Событие настоящее было только в спальне профессорского домика в Сивцевом Вражке. В остальном мире было все благополучно: хотя тоже пресеклись жизни, рождались существа, осыпались горы,- но все это делалось в общей неслышной гармонии. Здесь же, в лаборатории горя, мешалась мутная слеза со слезой прозрачной.

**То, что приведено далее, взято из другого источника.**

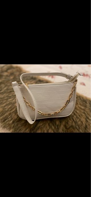 Bolso blanco con un diseño moderno y elegante, adornado con una cadena dorada. - Textura tipo piel de cocodrilo. - Asa corta. - Cierre de cremallera.
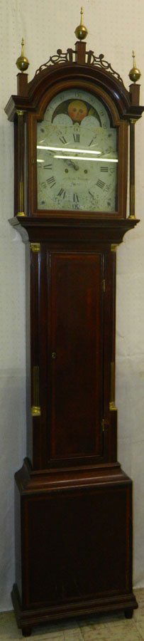 Signed Aaron Willard Inlaid mahog tall case clock.
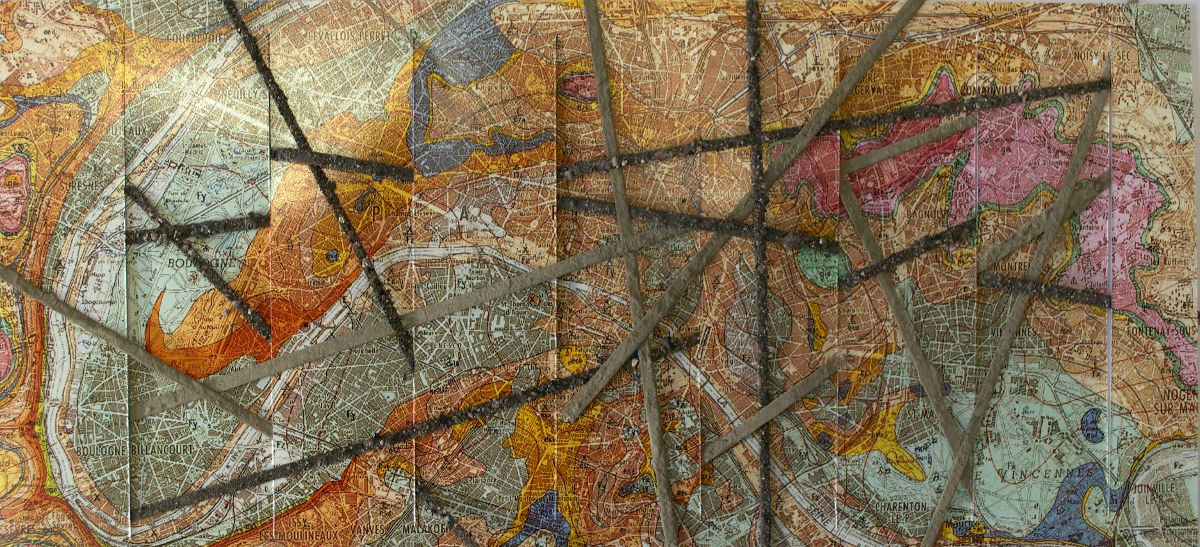 This is a current geological map of Paris, woven with translucent strips covered in either cement powder or a mix of anthropocenic earth taken from an old industrial site on the outskirts of Paris. The interweaving seen in the Mikado Sol is just like the interweaving of the Anthropocene. In precarious equilibrium, as in a game of pick-up sticks, anthropogenic soils and layers of concrete intertwine, as “human” and “natural,” now without any clear separating limit.
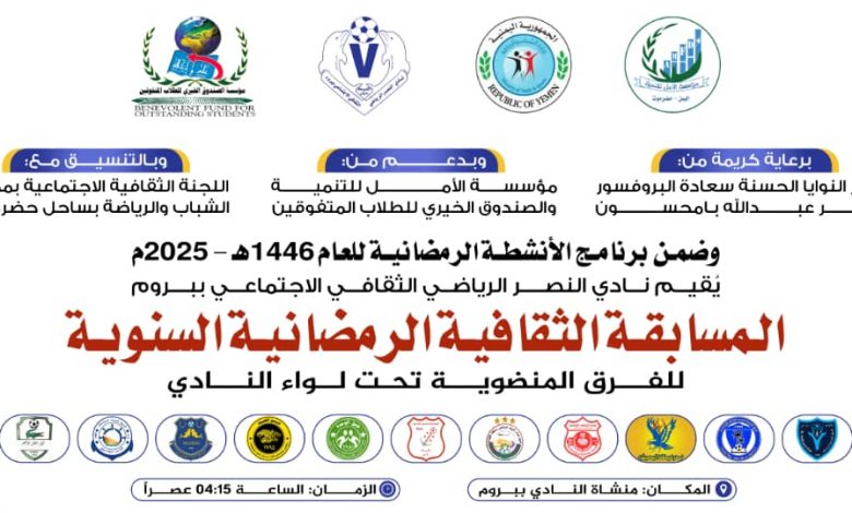 تنطلق عصر يوم غد الجمعة، بمنشأة نادي النصر الرياضي الثقافي الاجتماعي ببروم، اولى فعاليات الأنشطة الرمضانية، بتنظيم المسابقة الثقافية والفكرية الرمضانية السنوية بين متسابقين يمثلون 11 فريقا رياضيا منضويا تحت لواء النادي، بالتنسيق مع اللجنة الثقافية والاجتماعية بمكتب الشباب والرياضة بساحل حضرموت.

Только здесь было настоящее:

Бабушка умерла любимой.

...земнии убо от земли создахомся, и в землю туюжде пойдем, яко же повелел еси, создавый мя и рекий ми: яко земля еси и в землю отыдеши, амо же вси человецы пойдем, надгробное рыдание творяще песнь: аллилуйа...*

* ...Земнии убо от земли создахомся...- фрагмент надгробной молитвы "Сам Един есй Бессмертный сотворйвый и создавый человека.,." (Псалтирь. Последование по исходе души от тела. Песнь 6. Икос.).

НОЧЬ

Два крыла распластала ночная птица над домом старого вдового птичьего профессора. И закрыла звездный блеск и лунный свет. Два крыла: оградить его от мира, почтить великую старикову печаль.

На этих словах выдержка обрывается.